From: Kingsley Idehen <kidehen@openlinksw.com>
Date: Wed, 23 Mar 2011 11:40:10 -0400
To: wenlei zhou <wenlei.zhouwl@gmail.com>
CC: public-lod@w3.org
Message-ID: <4D8A145A.30108@openlinksw.com>
On 3/23/11 10:06 AM, wenlei zhou wrote:
> Thank you very much!
> Today, I have read the book which is publish in 
> http://linkeddatabook.com/editions/1.0/#note119. In section 4.5.2, I 
> find several tips.
> When link a dataset to other datasets, there are two different situation:
>
> To little size dataset, the publisher can use several different type 
> of predictors to connect to the entities which are declared in other 
> datasets.
> While to large size dataset, record linkage techniques can be used to 
> find the SameAs entities in other datasets automatically.
>
> Regards
>
>
>
>
> On 23 March 2011 21:50, Bill Roberts <bill@swirrl.com 
> <mailto:bill@swirrl.com>> wrote:
>
>     Although this has led to a discussion, no-one as far as I can tell
>     has actually tried to answer Wenlei Zhou's question.
>
>     Hope this helps:
>
>     I can create a link from my dataset to yours just by including a
>     triple in my dataset with one of 'your' URIs as object.
>
>     <http://mysite.com/id/1> <http://example.com/some-predicate>
>     <http://yoursite.com/id/ABC>
>
>     You can also declare information about links between datasets in
>     metadata about your dataset, using the voiD ontology - see
>     http://vocab.deri.ie/void
>
>     If you are thinking about the Linked Data Cloud diagram (see
>     http://richard.cyganiak.de/2007/10/lod/) then that is generated
>     every few months by Richard Cyganiak and Anja Jentzch, using some
>     criteria listed on that web page - the dataset must be at least
>     1000 triples and contain at least 50 links to other datasets
>     already in the diagram - and you have to make  sure Richard or
>     Anja knows about it.
>
>     Regards
>
>     Bill
>
>
>     On 22 Mar 2011, at 14:58, wenlei zhou wrote:
>
>     > Hi, every one
>     > I'm a novice to Linked Data.
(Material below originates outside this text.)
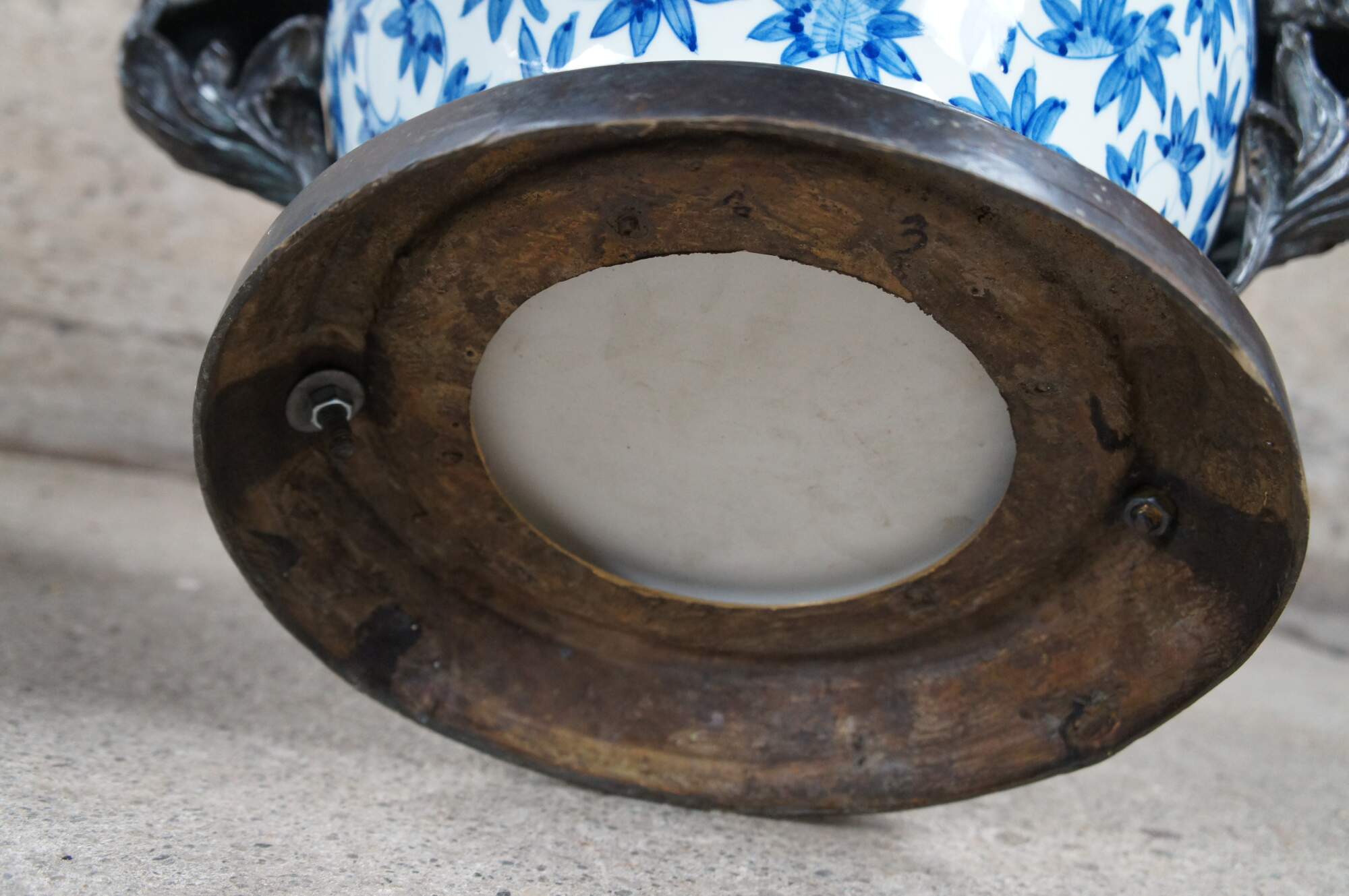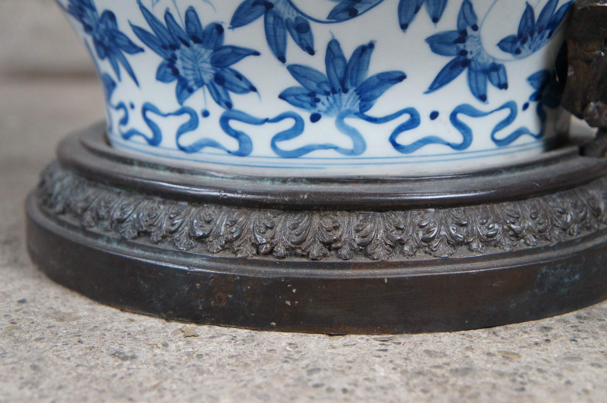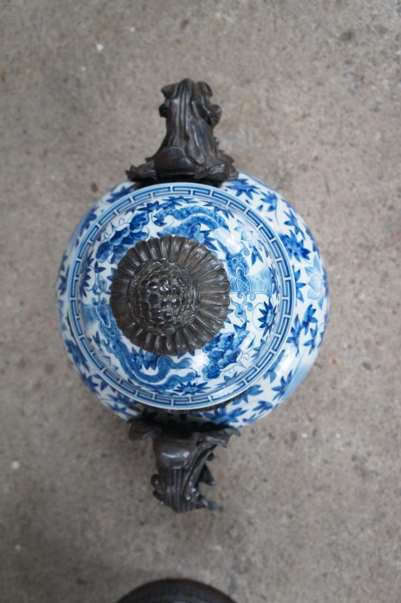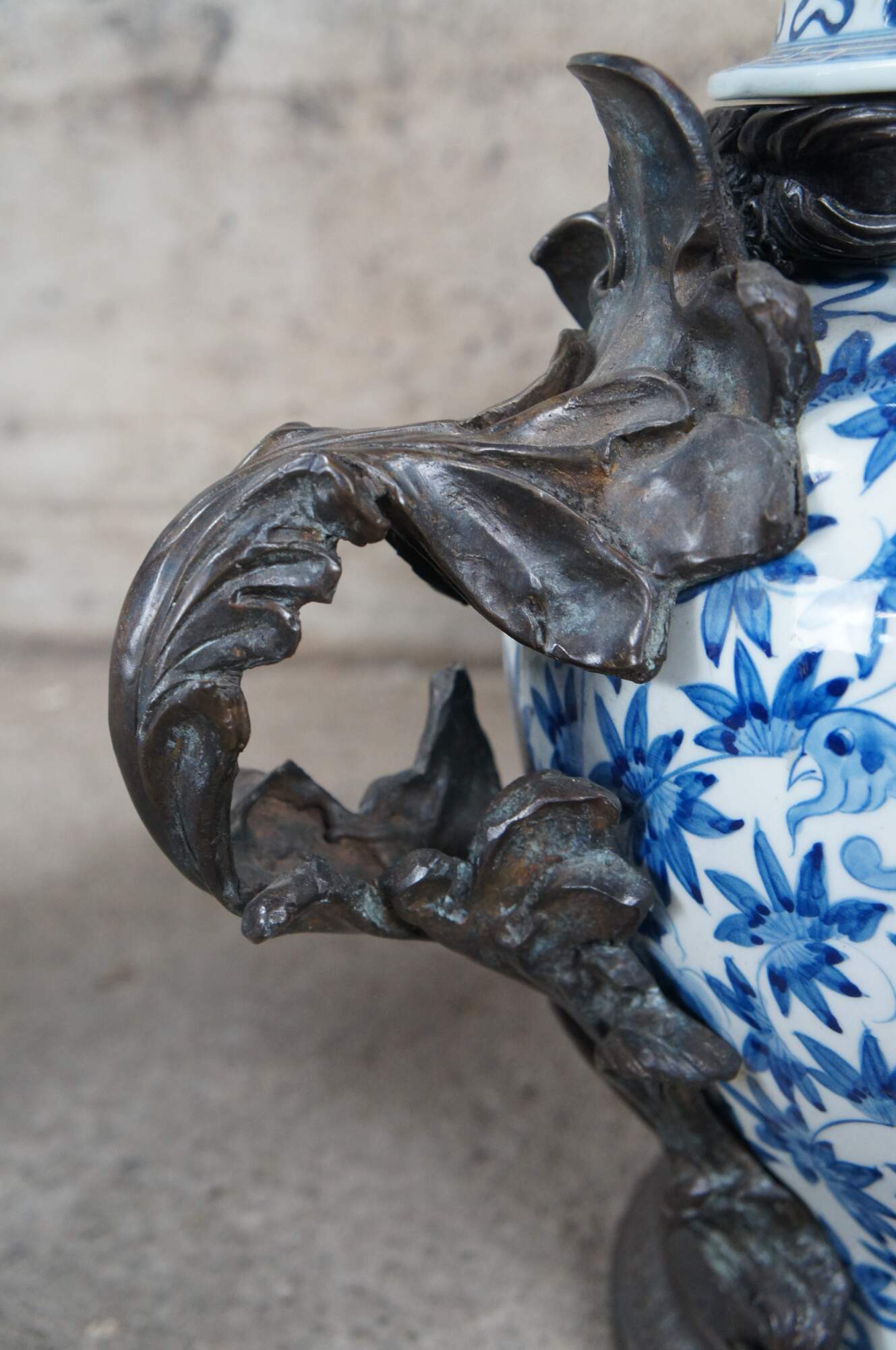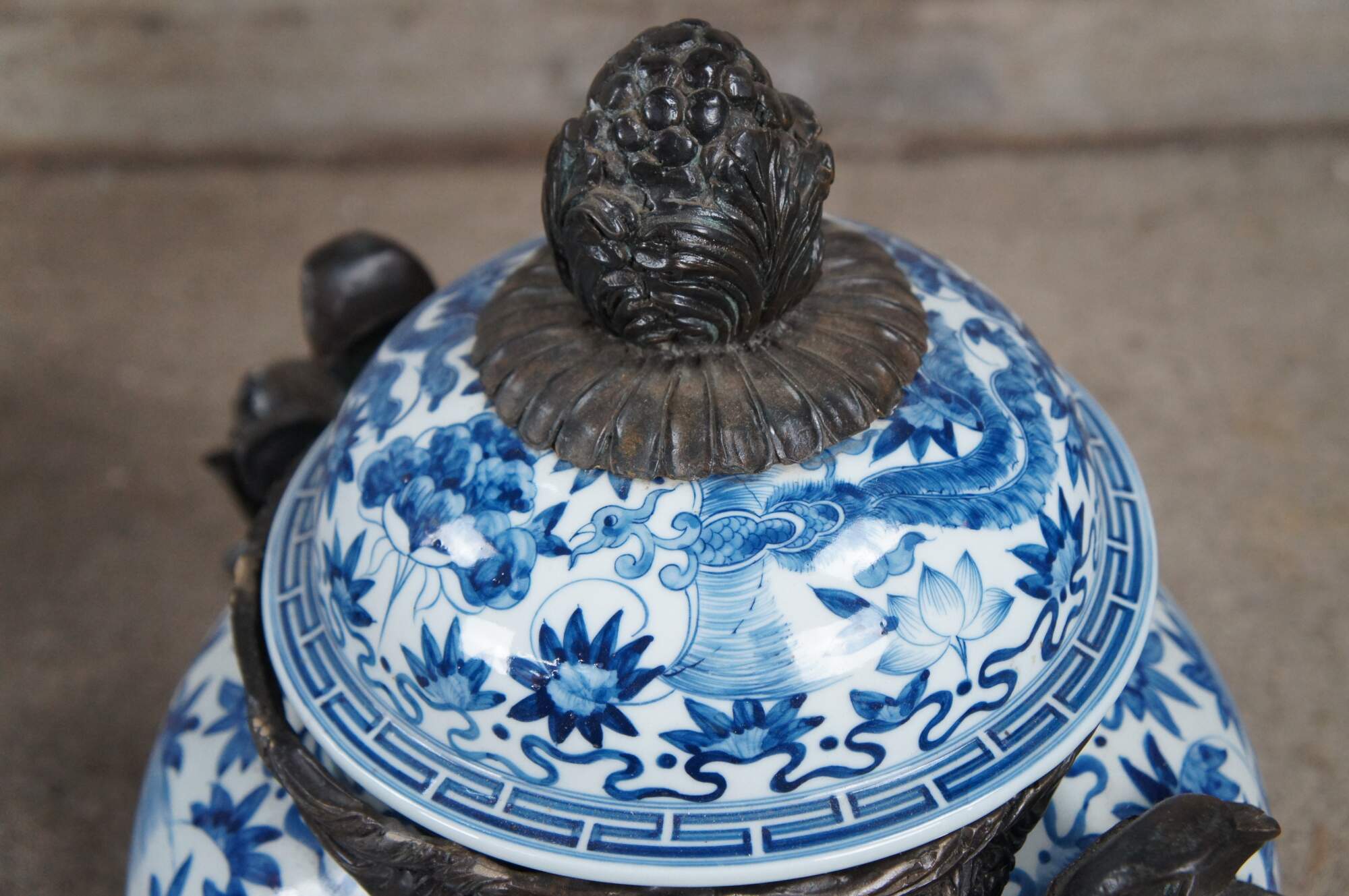 Pair of late 20th century Maitland Smith handled Ginger Jars or Urns. Made from porcelain with hand painted blue over white chinoiserie design featuring a phoenix amongst flowers with ribboned and Greek Key designs. Each jar is lidded with a pineapple finial and bronze mounted flowing foliate details. An exceptional pair that will display well in any space.

In the learning of linked data, I
>     got several questions.
>     >
>     > 1. When public a new data set, how does it connect to other data
>     sets in the Linked Data Cloud. Just use the record linkage
>     techniques to connect two identifiers which are actually telling
>     the same entity? Or, is this method only applied to publishing
>     large new data set, not small one?
>     > 2. Where is the rdf data stored, which connects two data sets?
>      Is it just stored in a third party?
>     >
>     > Can anyone tell me the answers?
>     > Thank you very much!!
>     >
>     > regards,
>     > Zhou Wenlei
>
>
Zhou,

Example.

Given an Entity: 'Nigeria' (type: Country). Described across a number of 
Linked Datasets. How would you obtain a holistic view of said Entity.

Links:

1. 
http://lod.openlinksw.com/describe/?uri=http%3A%2F%2Faims.fao.org%2Faos%2Fgeopolitical.owl%23Nigeria&sas=yes 
-- description of 'Nigeria' with owl:sameAs inference context enabled

2. 
http://lod.openlinksw.com/fct/rdfdesc/usage.vsp?g=http%3A%2F%2Faims.fao.org%2Faos%2Fgeopolitical.owl%23Nigeria&tp=2&sas=yes 
-- leveraging host DBMS metadata re. determining source Named Graphs 
used in the description

3. 
http://lod.openlinksw.com/fct/rdfdesc/usage.vsp?g=http%3A%2F%2Faims.fao.org%2Faos%2Fgeopolitical.owl%23Nigeria&tp=3&sas=yes 
-- co-references list where clicking on each URI (while inference 
context is enabled) results in the same description (a union of all 
facts associated with the co-referent of all of the listed URIs)

4. 
http://lod.openlinksw.com/fct/rdfdesc/usage.vsp?g=http%3A%2F%2Faims.fao.org%2Faos%2Fgeopolitical.owl%23Nigeria&tp=3 
-- same as above without inference context, so clicking on each URI will 
present a description scoped to that URI .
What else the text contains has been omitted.